Темная фигура чем-то размахивала перед ним, и он почувствовал прилив ненависти.
Ринулся вперед и остановился перед ней. Теперь он знал, что это игра. Его зовут Майкл Кассиди. Он адвокат. В Нью-Йорке. Юридическая фирма Джонсона, Уимса, Догерти и Кассиди. Человек на улице остановил его и попросил прикурить. На углу, поздно вечером.
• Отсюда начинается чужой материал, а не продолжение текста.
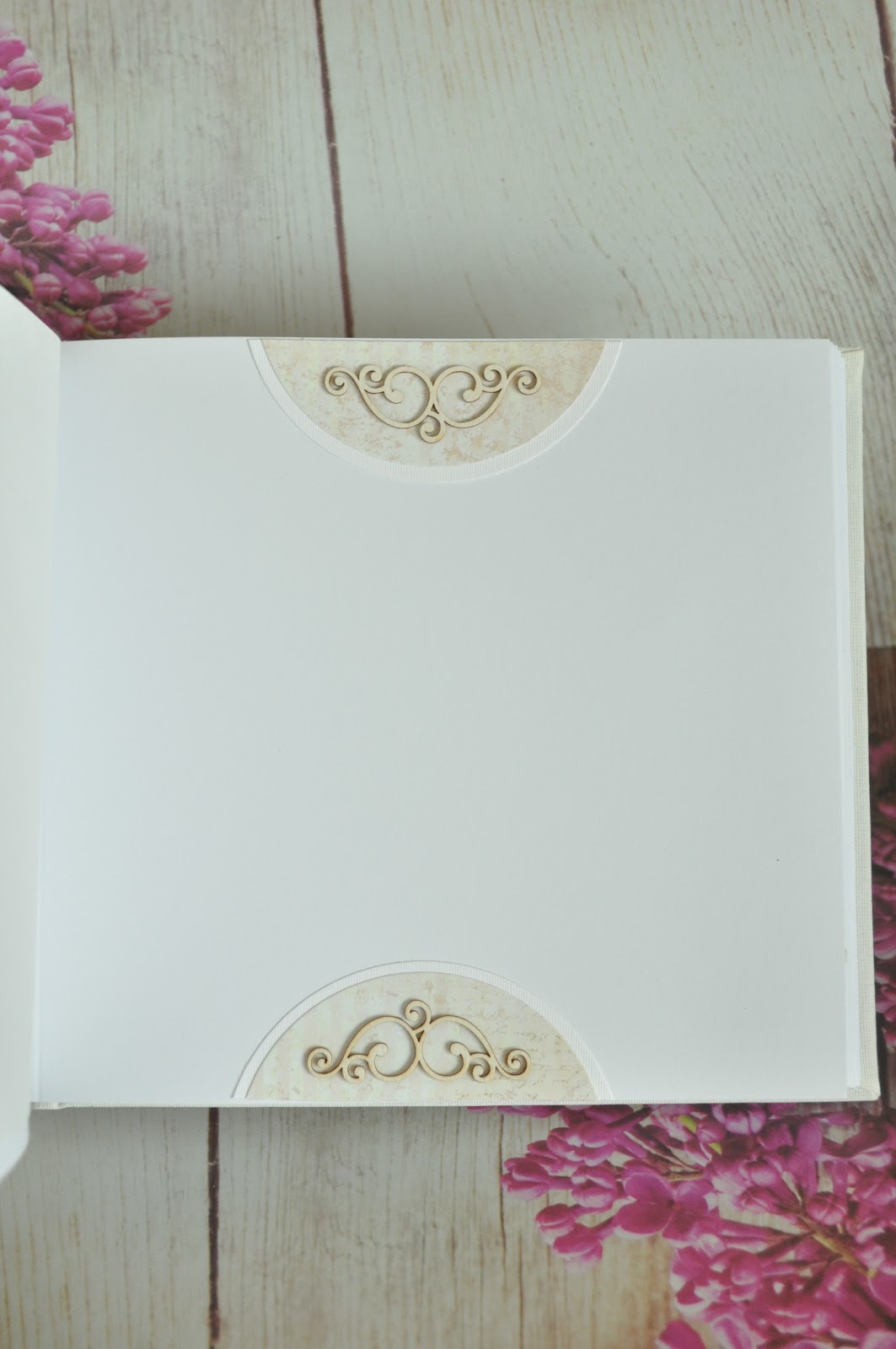 Baza eco - scrapbooking. Wymiary albumu około 17 x 22 cm. Składa się z 25 kart, na 10 jednakowo zdobionych kartach miejsce na wpisy gości, pozostałe 15 kart to miejsce przeznaczone na zdjęcie. Wszystkie karty delikatnie zdobione - stemplami, kwiatami, tekturkami.

Это он запомнил.
И швырнул песком в голову фигуры.
Она пошатнулась, воздев руки к тому, что могло быть ее лицом.
Стиснув зубы, он выдернул алюминиевый дротик из плеча и вогнал его заостренный конец в среднюю часть фигуры.
Что-то коснулось его затылка, все окуталось мраком, и он долгое время пролежал неподвижно.
Когда он вновь мог Пошевелиться, то увидел темную фигуру и попытался нанести ей удар.
Но промахнулся, и его спину полоснула боль, а по коже что-то потекло.
Он вновь поднялся на ноги и заревел:
— Вы не можете так обращаться со мной! Я человек, а не бык!
Раздались аплодисменты.
Шесть раз он бросался на темную фигуру, пытаясь схватиться с ней, скрутить ее, причинить ей боль. И всякий раз боль испытывал он.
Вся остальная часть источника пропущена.